§ Exercise aim: Would you write out the lines below exactly, from the one containing "北陸のクラフトビールと小松の" to the very last, but without the pictures?

START Dataset records

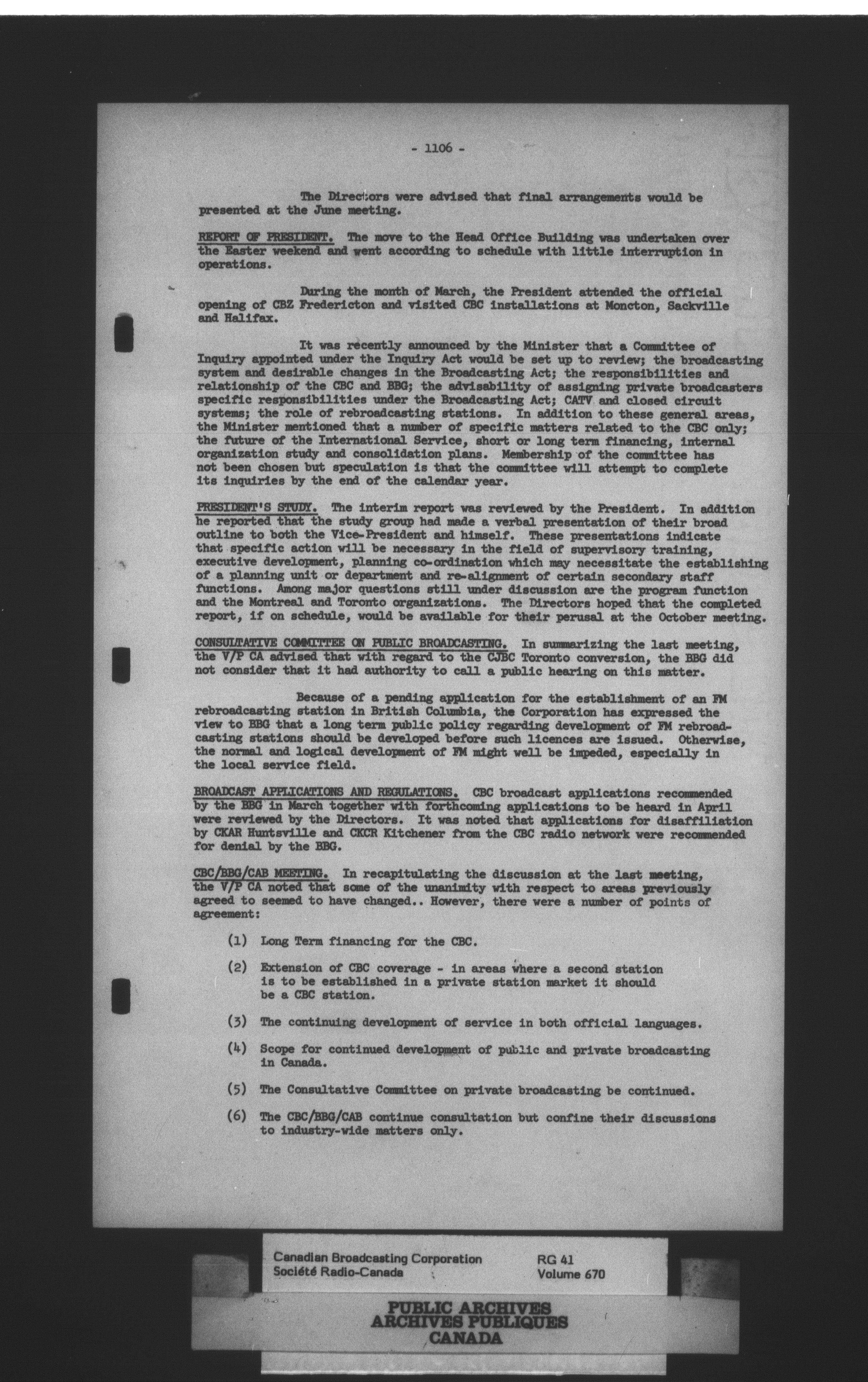 Canadian Broadcasting Corporation : Minutes, agenda books and working papers of the Board of Directors - 3045
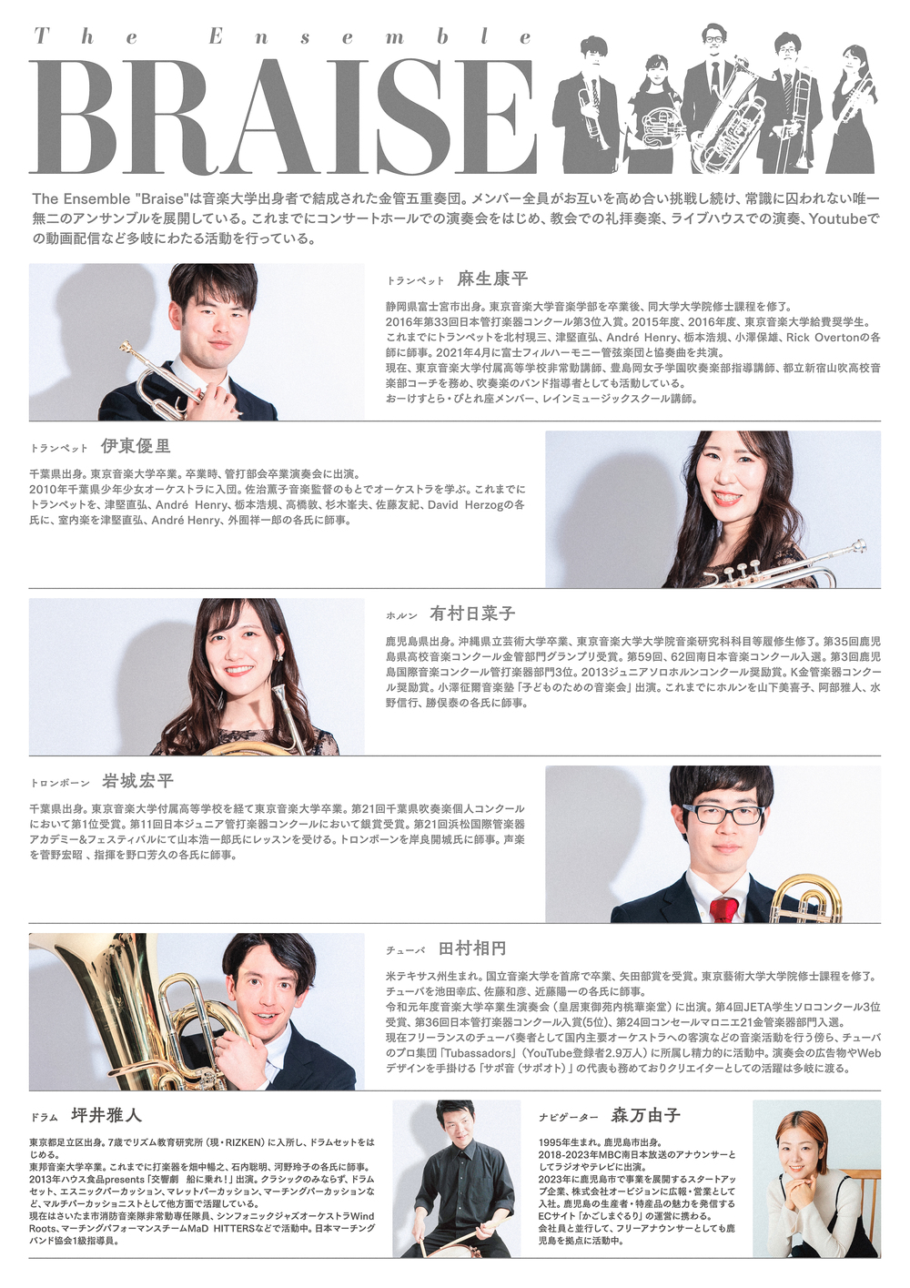 The Ensemble "Braise"は音楽大学出身者で結成された金管五重奏団。メンバー全員がお互いを高め合い挑戦し続け、常識に囚われない唯一無二のアンサンブルを展開している。これまでにコンサートホールでの演奏会をはじめ、教会での礼拝奏楽、ライブハウスでの演奏、Youtubeでの動画配信など多岐にわたる活動を行っている。
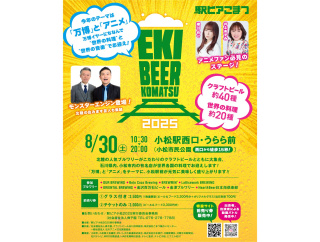 北陸のクラフトビールと小松の魅力を発信する「駅ビア小松」。第3回目となる今年は、「万博×アニメ」をテーマに、北陸の人気ブルワリー8社こだわりのクラフトビールと、万博イヤーにちなんだ世界の料理と音楽をお届け。
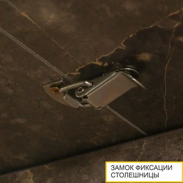 • Замок для фиксации столешницы придает жесткость конструкции как в собранном, так и в разложенном виде. Позволяет надежно зафиксировать столешницу во время эксплуатации обеденного стола.
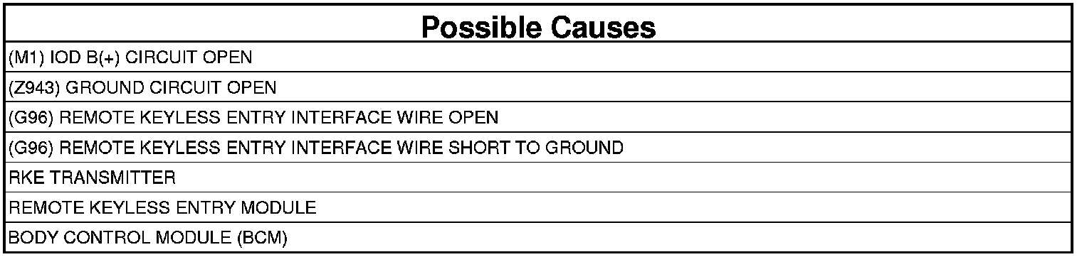 - Repair the (G96) Remote Keyless Entry Interface wire for a short to ground.

END Dataset records

§ Answer to the problem:
 北陸のクラフトビールと小松の魅力を発信する「駅ビア小松」。第3回目となる今年は、「万博×アニメ」をテーマに、北陸の人気ブルワリー8社こだわりのクラフトビールと、万博イヤーにちなんだ世界の料理と音楽をお届け。
 • Замок для фиксации столешницы придает жесткость конструкции как в собранном, так и в разложенном виде. Позволяет надежно зафиксировать столешницу во время эксплуатации обеденного стола.
 - Repair the (G96) Remote Keyless Entry Interface wire for a short to ground.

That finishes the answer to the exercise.